Catherine Opie enunciates the intentions and ideas behind her current body of 2012-2013 works with the first two images the viewer encounters—one a portrait, the other an abstracted landscape that could loosely be described as meditative.
Lawrence (the conceptual artist, Lawrence Weiner), shining bald pate and frosty beard, open white-collared black shirt eliding seamlessly into the black backdrop, holding a cigarette, in slightly sheepish three-quarter view, receives our gaze with seeming resignation. Alongside it, what from the gallery doors might resemble a cluster of stars, a dazzle of light bounces off snowflakes falling on a darkened field, a stand of snow-dusted trees just barely limned in the middle ground. Light out of darkness.

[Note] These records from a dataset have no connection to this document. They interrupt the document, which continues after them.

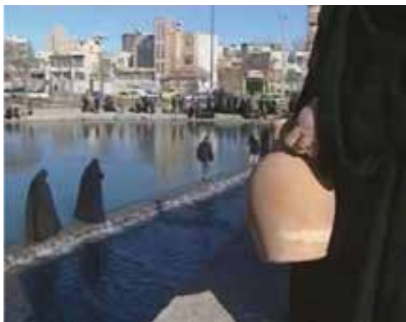
شکل ۱۲-۳- مراسم نثو اوستی یا سواوستی (رد شدن از روی آب)

ب) عید نوروز: نوروز بایرانی یکی از اعیاد باستانی کهن ایرانی است که نه تنها پس از ورود اسلام از بین نرفته، بلکه با عجب شدن با آموزه‌های روشنگر دین مبین اسلام با شکوه بیشتری برگزار می‌گردد. در گذشته در منطقه ما آمدن عید نوروز توسط تکم‌چی‌ها که به‌عنوان سفیران یا پیک‌های آواز خوان شناخته می‌شدند به مردم نوید داده می‌شد.
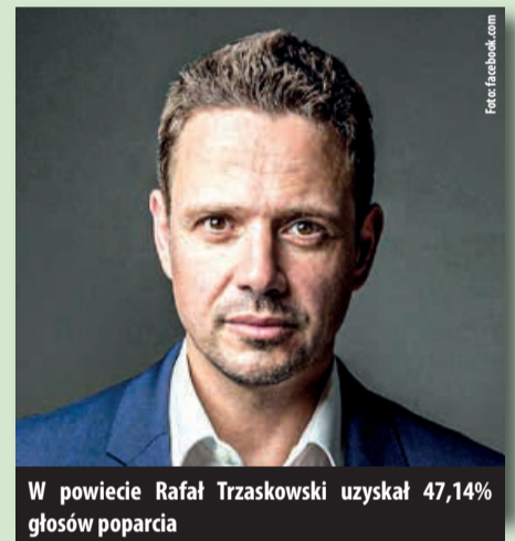
W powiecie Rafał Trzaskowski uzyskał 47,14% głosów poparcia

12 lipca br. w II turze wyborów prezydenckich, w naszej gminie Andrzej Duda uzyskał poparcie w wysokości 59,61% głosów, a Rafał Trzaskowski 40,39%. W całym kraju kandydaci uzyskali odpowiednio 51,03% i 48,97% głosów wyborców.
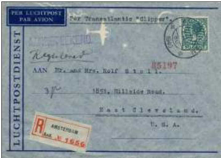
Amsterdam, 3 februari 1940. LP-brief, per 'Clipper' met bestemming Cleveland, USA. Tarief: brief tot 20 gr. 12½ ct. Luchtrecht 27½ ct. Aantekerecht 10 ct. Totaal 50 ct. Vanwege winterweer omgeleid naar Baltimore. Aankomst in Cleveland pas op 1.4.1940. (Vlucht FAM 18)
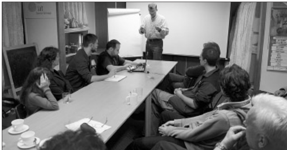
Merytoryczna debata obywatelska
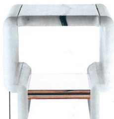
Guéridon So White, en marbre Corciula et cuivre poli, Thierry Lemaire , 9 355,50 €.
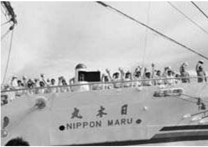
▲雨のため中止となった「登しょう礼」に代わり行われた日本丸の「登げん礼」(22日)
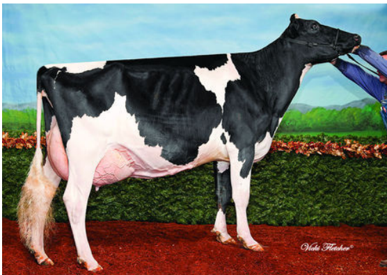
DUALANE WINDBROOK CIERRA

GILLETTE BRILEA F B I GILLETTE BLITZ 2ND WIND VG-88-3YR-CAN 74* FUSTEAD EMORY BLITZ BRAEDALE SECOND CUT VG-86-2YR-CAN 23* MAUGHLIN STORM BRAEDALE GYPSY GRAND VG-88-5YR-CAN 37*
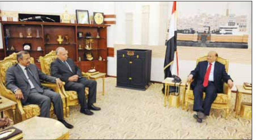
الرئيس لدى استقباله السفير السعودي أمس

■ صنعاء / سبأ : استقبل الأخ الرئيس عبدربه منصور هادي رئيس الجمهورية أمس سفير مملكة السويد غير المقيم لدى اليمن داج يولون دانفليت. وجرى خلال اللقاء مناقشة عدد من القضايا
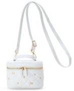
ショルダーバッグ 5,280 円
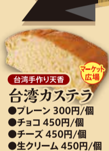
台湾手作り天香 台湾カステラ ●プレーン 300円/個 ●チョコ 450円/個 ●チーズ 450円/個 ●生クリーム 450円/個

Opie’s work implicitly addresses the cultural criteria for identification and identity as a function of place and, also, time. She hasn’t decontextualized her subjects here, so much as circumscribed their temporal actuality using disparate photographic means—in the portraits, closing in tightly on her subjects, isolating them in shadow and a dark surround; in the landscapes, opening the aperture and slowing or lengthening the exposure to sustain the moment. A deliberate ambiguity defines these blurred images. Our criteria for identification (or measure of geological and cosmic time) are called into question. Does the crest of a mountain ridge in one landscape (all of them untitled) loom any more prominently than a black tree dominating the foreground in another? The viewer’s notions of distance and proximity are inherently challenged.
Similarly, in the portraits, the emphasis on the temporal translates to gesture and attitude. In one of her largest photographs, Kate and Laura (the Mulleavy sisters, designers of the Rodarte fashion line), Laura, in long, ruffled white silk dress, kneels with a hand raised to Kate’s ear, as if whispering. Kate (black-clad) is seated, feet firmly planted, intently eyeing an embroidery circle through which she draws red thread seemingly into a red bloodstain. Portraits and landscapes alike connote realities both boldly stated and secretly whispered.

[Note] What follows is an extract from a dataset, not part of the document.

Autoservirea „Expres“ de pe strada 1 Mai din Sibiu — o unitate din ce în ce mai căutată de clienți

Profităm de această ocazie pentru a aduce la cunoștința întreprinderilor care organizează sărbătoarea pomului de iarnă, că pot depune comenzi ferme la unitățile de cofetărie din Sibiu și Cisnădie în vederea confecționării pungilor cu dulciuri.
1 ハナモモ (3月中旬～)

Another large portrait—Idexa (Stern, the tattoo artist)—presents an elaborately tattooed body frontally to the camera, but with head turned at an angle, eyes just slightly squinting: “Do I know you?” The photographs probe the notion of visual acquisition. We have the moment, and everything else stands outside it.

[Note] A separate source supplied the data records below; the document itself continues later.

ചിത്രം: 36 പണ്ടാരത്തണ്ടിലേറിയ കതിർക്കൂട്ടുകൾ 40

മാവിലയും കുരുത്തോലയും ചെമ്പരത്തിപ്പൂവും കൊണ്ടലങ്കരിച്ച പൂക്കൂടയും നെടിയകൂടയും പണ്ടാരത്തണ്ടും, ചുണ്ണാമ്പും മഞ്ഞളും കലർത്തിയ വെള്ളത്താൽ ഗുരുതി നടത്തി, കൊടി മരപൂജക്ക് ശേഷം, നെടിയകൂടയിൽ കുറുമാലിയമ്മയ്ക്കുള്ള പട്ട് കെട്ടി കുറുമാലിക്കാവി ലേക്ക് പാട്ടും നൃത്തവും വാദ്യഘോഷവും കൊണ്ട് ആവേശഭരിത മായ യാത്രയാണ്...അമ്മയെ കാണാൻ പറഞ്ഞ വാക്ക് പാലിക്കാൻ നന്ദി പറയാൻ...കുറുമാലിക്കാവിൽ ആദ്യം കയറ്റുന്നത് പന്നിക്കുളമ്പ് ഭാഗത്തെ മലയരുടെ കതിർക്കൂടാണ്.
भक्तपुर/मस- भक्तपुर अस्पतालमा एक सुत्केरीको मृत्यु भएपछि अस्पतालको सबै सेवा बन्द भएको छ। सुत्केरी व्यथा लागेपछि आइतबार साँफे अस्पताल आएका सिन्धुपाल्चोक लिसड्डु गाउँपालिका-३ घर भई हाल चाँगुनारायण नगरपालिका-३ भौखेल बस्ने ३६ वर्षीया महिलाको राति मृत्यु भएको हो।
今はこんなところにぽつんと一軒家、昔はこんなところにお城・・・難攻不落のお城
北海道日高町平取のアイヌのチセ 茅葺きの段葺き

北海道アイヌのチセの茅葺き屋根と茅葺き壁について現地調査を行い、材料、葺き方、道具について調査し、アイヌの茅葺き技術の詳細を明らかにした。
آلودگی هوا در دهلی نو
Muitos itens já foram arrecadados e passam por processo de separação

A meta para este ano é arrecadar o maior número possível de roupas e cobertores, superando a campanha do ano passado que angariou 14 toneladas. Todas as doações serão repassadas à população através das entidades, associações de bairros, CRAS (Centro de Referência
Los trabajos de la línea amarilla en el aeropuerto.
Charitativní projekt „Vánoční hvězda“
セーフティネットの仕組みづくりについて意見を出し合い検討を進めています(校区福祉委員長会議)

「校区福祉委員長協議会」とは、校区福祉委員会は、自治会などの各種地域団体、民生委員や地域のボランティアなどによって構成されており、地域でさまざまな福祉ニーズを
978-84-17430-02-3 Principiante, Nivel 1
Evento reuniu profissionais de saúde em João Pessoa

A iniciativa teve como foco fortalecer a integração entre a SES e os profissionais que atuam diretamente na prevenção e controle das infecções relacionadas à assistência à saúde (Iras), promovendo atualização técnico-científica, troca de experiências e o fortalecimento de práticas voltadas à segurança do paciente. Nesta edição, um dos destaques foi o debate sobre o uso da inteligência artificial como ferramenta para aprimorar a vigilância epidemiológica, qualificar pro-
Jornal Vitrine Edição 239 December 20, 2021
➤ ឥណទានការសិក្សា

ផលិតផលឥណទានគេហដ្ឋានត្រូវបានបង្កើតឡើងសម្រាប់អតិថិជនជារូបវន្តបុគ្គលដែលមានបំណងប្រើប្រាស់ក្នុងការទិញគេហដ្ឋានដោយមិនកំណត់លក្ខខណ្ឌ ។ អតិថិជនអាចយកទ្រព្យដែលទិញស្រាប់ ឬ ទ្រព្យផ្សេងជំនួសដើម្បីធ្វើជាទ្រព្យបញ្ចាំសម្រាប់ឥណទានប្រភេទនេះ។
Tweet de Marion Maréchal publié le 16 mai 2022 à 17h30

Opie draws on High Renaissance and Baroque conventions, not without an element of subversion, but her portraits are clearly ideations of her subjects. Her reverse three-quarter portrait of Jonathan (Franzen) is almost a literal instance of this—the spectacled silhouette just recognizable in shadow, with light catching the silvery highlights of his graying hair but falling principally on the book in his lap—Tolstoy’s War and Peace. (As serious as these portraits are, they are not without humor.)
To identify, specifically to name, is to fix in time. At their most transfixing, Opie’s photographs are about this imprint. An idealizing impulse manifests somewhere in the bleed from the conscious into the unconscious. But the magic inheres in plain view—although that view may be through murky depths.